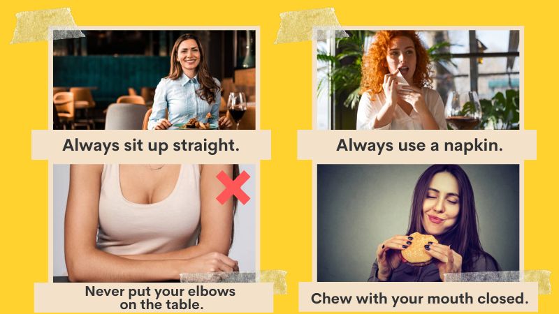 Third, never put your elbows on the table. This isn’t polite.
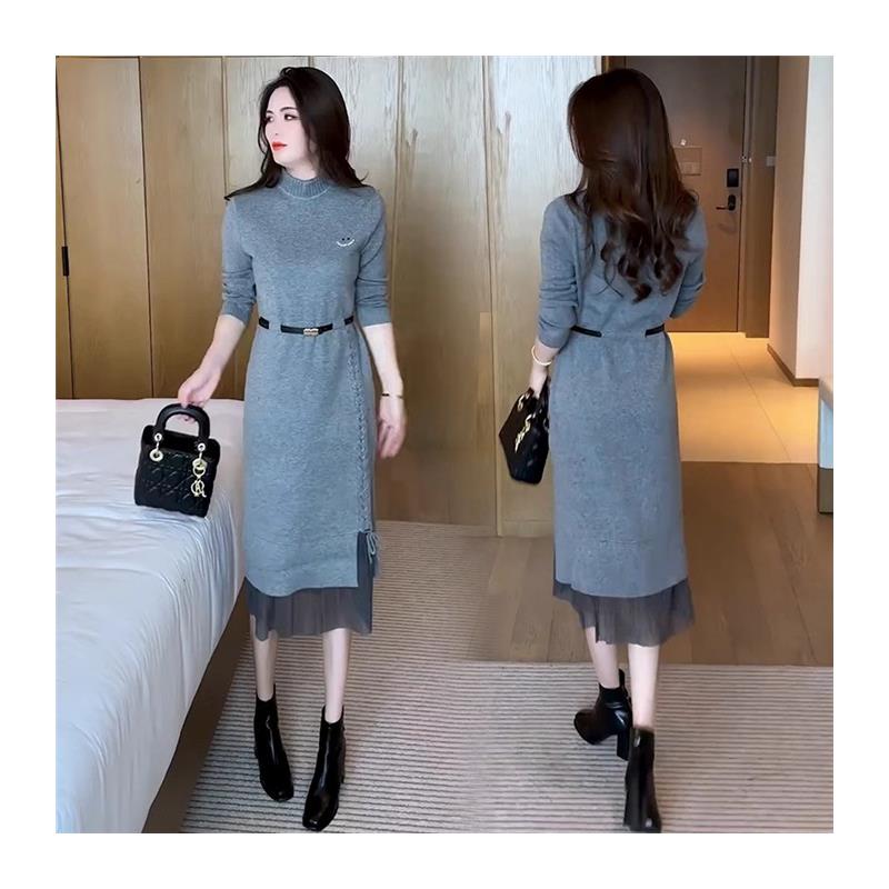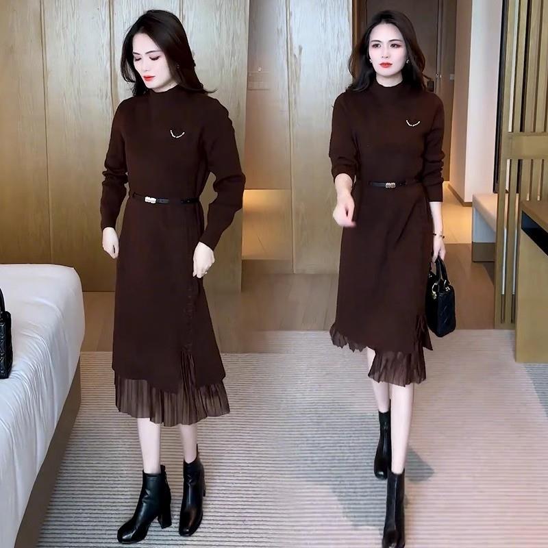 气质针织洋装女士2025年春秋冬季新款收腰中长版百搭毛衣打底裙
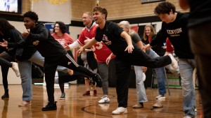 Beginning in September, members of seven Kenyon teams have taken turns every Wednesday leading workouts, drills and games with dozens of students at Wiggin Street for 20 minutes before classes start. So far, athletes have come from men’s and women’s soccer, women’s basketball, men’s and women’s lacrosse, women’s tennis and men’s golf. Members of the football team participated in last week’s assembly as well.
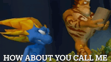 - Content Description: two cartoon characters are standing next to each other with the words " how about you call me " written below them
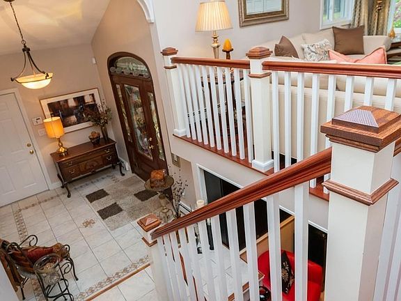 Dazzling Contemporary home nestled on a cul de sac! Extraordinary attention to detail throughout includes gorgeous cherry wood cabinets, work island/breakfast counter with granite including backsplash, Bosch SS appliances, numerous built ins, glass front china cabinet, skylight, and open concept. Living/dining room/kitchen with cathedral ceilings, gas fireplace, detailed wood work in family room and upper level, solid wood doors, wired for surround sound, & ample storage. Three good size bedrooms including large Master with double closets. Lower level offers fantastic in law potential or an at home business opportunity with separate entrance, oversized family room with mini kitchen including sub-zero fridge and another gas fireplace. Outside features include a beautiful waterfall, perennial gardens in the front of the home, custom stone & pavers hardscape throughout, professionally landscaped, underground sprinklers, oversize Trex deck, and natural hemlock backyard "fence"(12ft high)
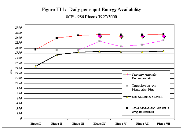 The Oil-for-Food Programme was adopted as a measure to arrest the deterioration of the humanitarian situation in Iraq, in particular to reverse the trend with regards to nutrition and health. The energy and protein content of the food ration increased steadily since 1997 and since 1998 have provided a national average of 2,000 kcal and 43 g of protein per person/day. This improvement in national food availability and the high level of UN and NGO activity in the autonomous north arrested further nutrition decline. However this is still below the 2,463 kcal recommended by the Secretary-General, below that of 2,210 kcal recommended by WHO for emergency energy requirements and short of the planned level of 2,330 kcal which is calculated based on forecasts of food imports and availability of in-country food stocks. Improvements are needed to fully meet planned levels. Supplementation of the ration through the consumption of local produce, especially to improve dietary quality, has been further compromised by the drought.
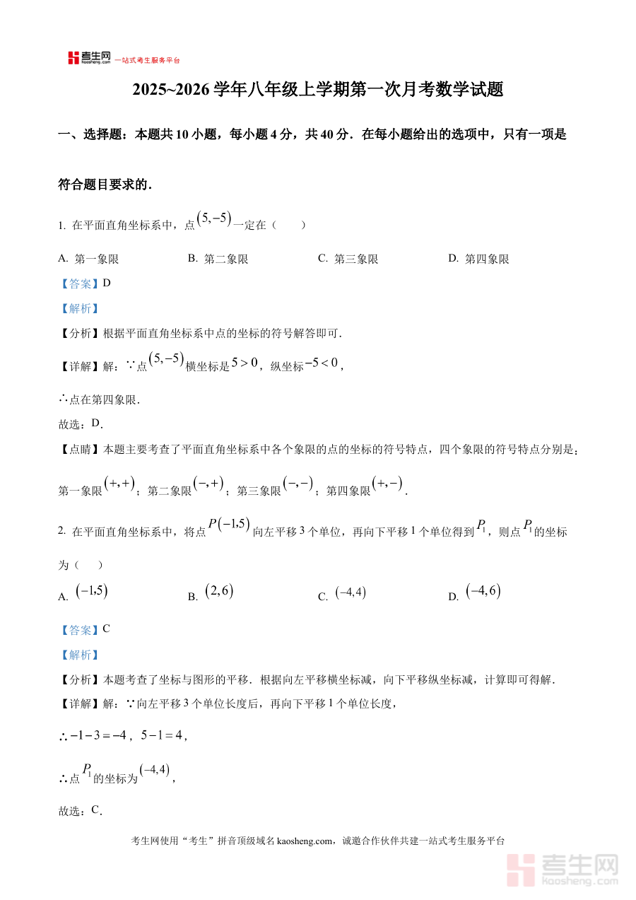 这份解析版资料具有明确的实用价值,可用于学生开展自我学情诊断,通过对试题解析的系统学习,清晰识别自身在第一次月考涉及的数学知识模块中的掌握程度与薄弱环节;也可作为教师进行教学反馈与备考规划的重要参考工具,辅助教师调整后续教学计划与针对性辅导策略;同时还能为家长提供了解孩子阶段性数学学习状况的有效途径,便于家校协同推进学生的数学学习进程。
---
**EXERCISE PROMPT:** Only the lines from the beginning of the listing up to and including the line with "- Content Description: two" should appear in the reply, copied word for word and free of pictures.

**YOUR SOLUTION:**
 Third, never put your elbows on the table. This isn’t polite.
 气质针织洋装女士2025年春秋冬季新款收腰中长版百搭毛衣打底裙
 Beginning in September, members of seven Kenyon teams have taken turns every Wednesday leading workouts, drills and games with dozens of students at Wiggin Street for 20 minutes before classes start. So far, athletes have come from men’s and women’s soccer, women’s basketball, men’s and women’s lacrosse, women’s tennis and men’s golf. Members of the football team participated in last week’s assembly as well.
 - Content Description: two cartoon characters are standing next to each other with the words " how about you call me " written below them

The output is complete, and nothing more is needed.